Crimea storicamente russa
«Il punto è che la Crimea non sta in Oriente, come diceva Cavour, e neppure in Ucraina: sta in Russia dal 1784 e il suo passaggio dalla Federazione russa alla Repubblica sovietica ucraina, nel 1954, fu un’operazione interna ai giochi di potere del Cremlino, proposta da Nikita Krusciov che aveva fatto tutta la sua carriera militare e politica in Ucraina. All’interno dell’Unione Sovietica, inoltre, non aveva alcuna importanza se dal punto di vista amministrativo Sebastopoli stava insieme a Odessa e Kiev o insieme a Rostov sul Don e Mosca: tutto si decideva all’interno del Politburo», scrive il professor Fabrizio Tonello, dell’università di Padova. Ripasso storico politico utile anche a Zenensky e a Biden, che bene lo conoscono ma fanno finta.
E’ anche vero che la dissoluzione dell’URSS, nel 1991, lasciò la penisola all’interno dei confini ucraini ma la sua popolazione parla russo e guarda a Mosca: questa è la ragione per cui nel 2014 Putin poté occupare la Crimea senza sparare un colpo.
Allarme politico strategico
«Autorizzare Zelenski a portare il conflitto in Crimea significa fare di Putin il leader di una nuova Grande guerra patriottica, come quella 1941-1945. Senza contare che l’idea americana di un abile dosaggio dell’escalation è una strategia sciagurata fin dai tempi delle guerre in Corea e Vietnam. Qualcuno ricorda che Mosca conserva 6.000 testate nucleari nei suoi arsenali?», sottolinea ancora il professore.
Ovviamente, anche letture contrapposte
Niente storia e solo politica da parte della vice portavoce del Pentagono Sabrina Singh che si schiera col sovietico Krusciov: «La Crimea è ucraina, Kiev ha tutto il diritto di riprenderla», tentando di convincere che «gli Usa non dettano gli obiettivi e i tempi delle operazioni militari e che gli ucraini decidono in modo sovrano». Decidono loro, ma senza i loro armati americani Abrams, per ‘problemi di manovrabilità, rifornimenti, manutenzione e sottolineando che i Leopard sono invece ‘diversi’. Quanto alla posizione di Berlino, che subordinerebbe la fornitura di Leopard a quella dei tank Usa, Sabrina, dopo aver maltrattato la storia, si ripete: «Ogni Paese deve prendere decisioni sovrane», con il seguito di “e pagarne il prezzo”, lasciato sottinteso.
A Parigi Francia e Germania oltre i Leopard
Macron e Scholz, e una schiera di ministri a Parigi, celebrano i sessant’anni del Trattato dell’Eliseo, che Charles De Gaulle e Konrad Adenauer firmarono il 22 gennaio 1963. Non fu solo «il sigillo alla riconciliazione tra i due Paesi», ma anche l’atto di nascita di quell’intesa franco-tedesca, il vero motore dell’integrazione europea nei successivi decenni.

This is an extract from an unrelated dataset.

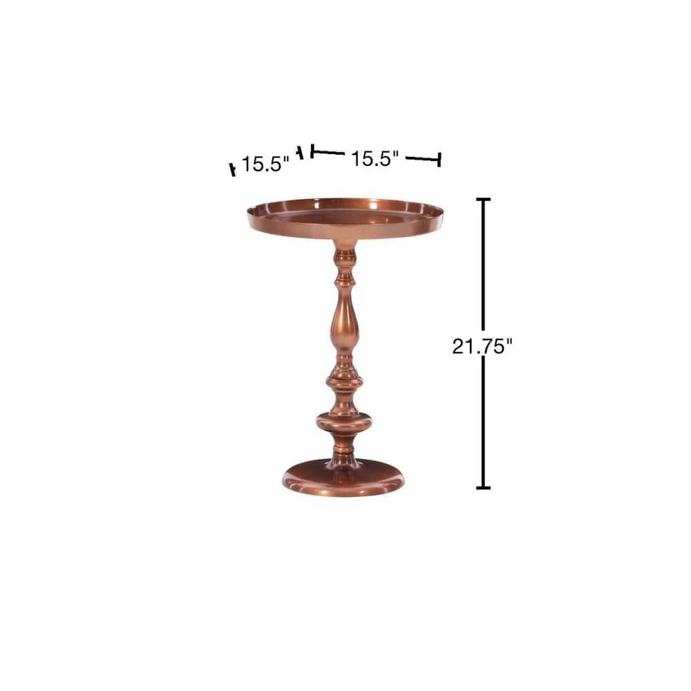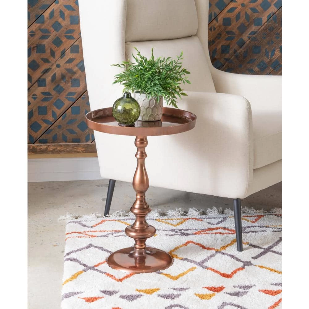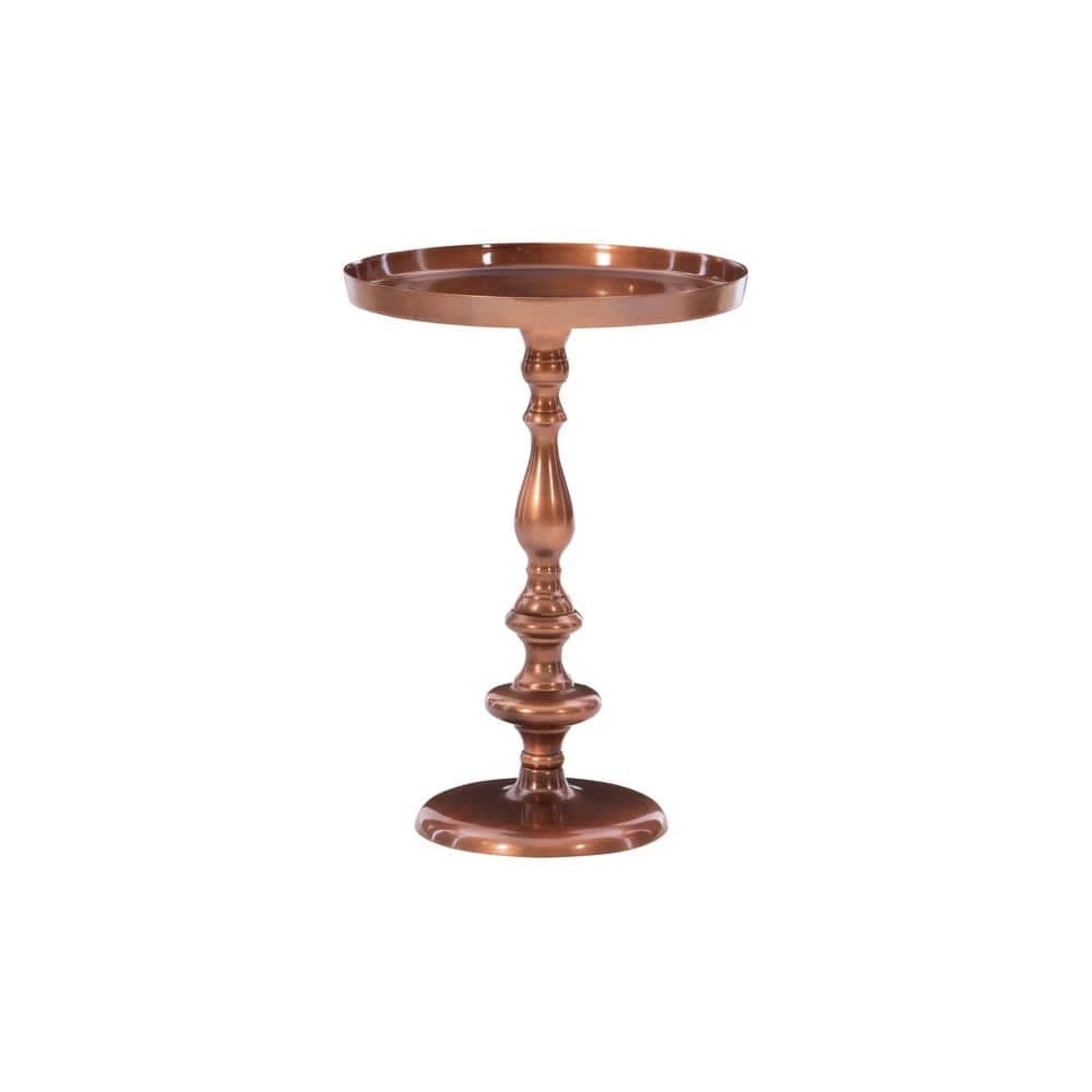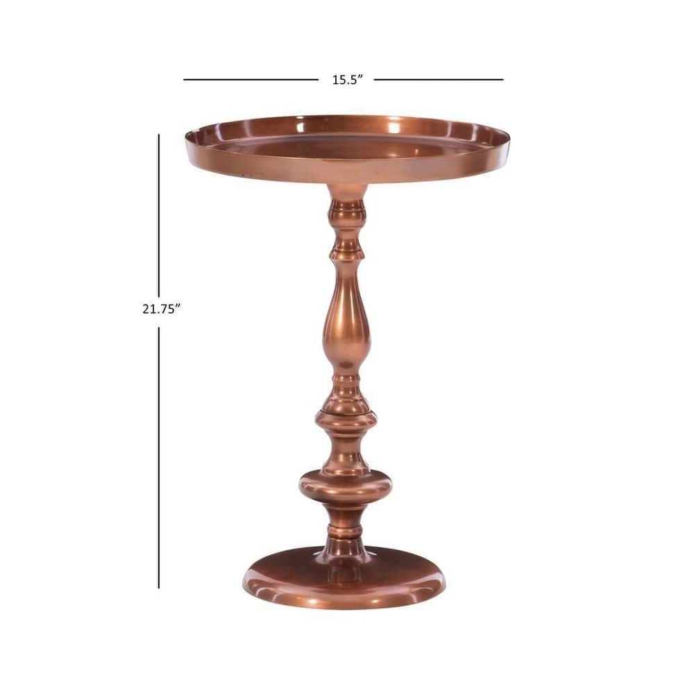 Add a classic look to any room in your home with this stunning Jhana Copper Metal Side Table. Crafted to resemble a traditional candlestick, the gleaming antique copper finish combines modern style with vintage appeal to complement virtually any decor. The recessed tabletop is a perfect perch for a tray of drinks or a potted plant. Nestle between two chairs, at your bedside, or use as an elegant bathroom stand. From glam to bohemian, this will be a versatile addition to your furniture set whatever your style.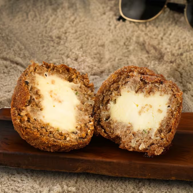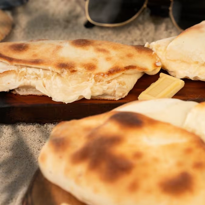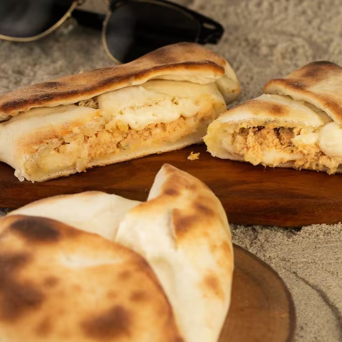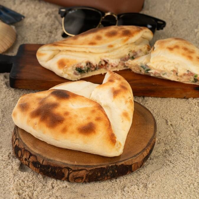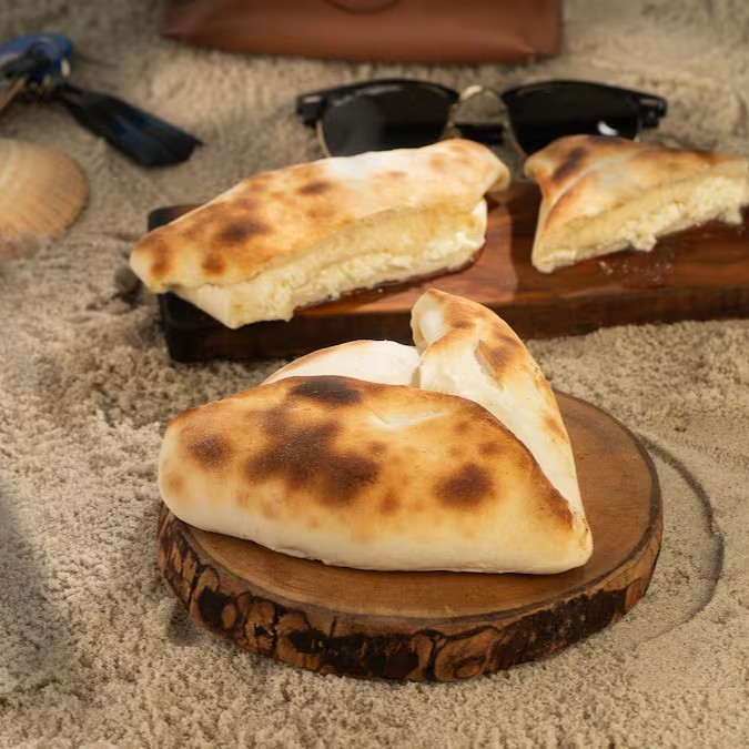 Esfiha recheada com uma mistura cremosa de queijos, perfeita para os amantes de queijo.

Dietro l’ostentazione di unità della ricorrenza, l’attuale vertice parigino è il tentativo di ricomporre le molte recenti fratture di un rapporto che la guerra in Ucraina ha fatto venire allo scoperto. Oltre all’Europa baltica arruolata in guerra, l’Ungheria con Mosca e l’Italia più americana tra le tre maggiori potenze economiche Ue.
E alla fine della ormai prossima campagna di primavera, quella ucraina-americana o quella russa che verranno, Leopard o Abrams in campo, scopriremo che la Crimea resta dove e con chi è, il Donbass, pezzo più pezzo meno anche, mentre dovremo prendere atto di una Europa ormai in frantumi.